O meglio, solo io e quando mi ricordo di Lilly.
Le quotidiane crocchette quattro stelle Michelin della suocera sostituite dai rimasugli dell'insalata del kebab caduta per terra e impiastricciata quanto basta di yogurt bianco e salsa piccante.
La ciotola perennemente riempita d'acqua soppiantata dai rivoli stagnanti nei sottovasi delle fioriere.
Le affettuose coccole della sera rimpiazzate dalle ruvide carezze dei miei talloni mentre guardo la televisione in modalità scazzata e spaparanzata.
La paterna protezione del suocero da quei cagnacci in calore del parchetto pubblico supplita dal mio giretto svogliato (purché non caghi in casa) condito di ingroppamenti plurimi mentro io mi fermo a parlare distrattamente col primo che passa.
Poi, scaduta la settimana, i miei suoceri tornano, mi abbracciano, mi ringraziano e subito rivolgono parole d'affetto alla loro cagnolina che fulminea si divincola e corre loro incontro: "Guarda come trema di felicità perché i suoi padroni sono tornati".

domenica 7 giugno 2015

Dott.
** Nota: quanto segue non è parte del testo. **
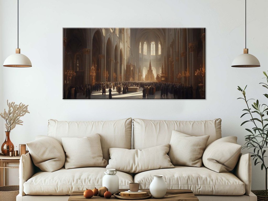 Tento obraz zachytáva impozantnú scénu v rozľahlej gotickej katedrále, kde sa koná náboženský obrad. Vysoké klenuté stropy a veľké vitrážové okná osvetľujú zlatistými lúčmi dav veriacich zhromaždených v priestore. Atmosféra je pokojným svedectvom o duchovnej vznešenosti a tradícii, ktorú prinášajú takéto sakrálne miesta.

Stranamore

Da un paio di settimane, complice il bel tempo, si fermano ai muretti sotto casa un paio di ragazzi, presumo a orecchio sui sedici anni, a parlare dei fatti loro che a quel punto diventano anche fatti miei.
Questo perché i due arrivano in piazza immancabilmente verso mezzanotte, ora in cui io vado a nanna, e mi fanno compagnia con le loro chiacchiere almeno per mezz'oretta, tempo di crollare nel sonno più ovattato.
Potrei leggere e farmi i cazzi miei, ma da un lato il loro borbottio mi deconcentra, dall'altro non vedo perché leggere la vita romanzata quando puoi ascoltare la vita raccontata.
E allora, pur non avendoli mai visti, posso dire di sapere abbastanza di loro: i nomi naturalmente, le voci, gli intercalari e i modi di dire, ma anche gli aneddoti, le sparate, i discorsi sui massimi sistemi, le confidenze.
In particolare uno dei due racconta ogni sera, in modalità loop, della cotta che s'è preso per una "tipella" del paese e giù racconto particolareggiato di come è fatta, cosa è bella e quanto è in gamba.
Fatto sta che l'altro ieri, sceso dalla macchina, incrocio per strada una ragazza nei tratti e nei modi spiccicata alla descrizione sentita per tante sere.
Allora, senza filtro, passandole a fianco quasi senza guardarla, le dico: "Guarda che piaci a Tizio".
Ieri sera, ai muretti in piazza, non ho sentito più i due amici, ma Tizio in compagnia della ragazza a cui avevo rivolto quasi per gioco la parola.
Dopo un'iniziale logorrea di entrambi, quasi a voler vincere la timidezza con le parole, è seguito un improvviso e prolungato silenzio.
Allora ho preso il libro dal comodino e ho ricominciato a leggere.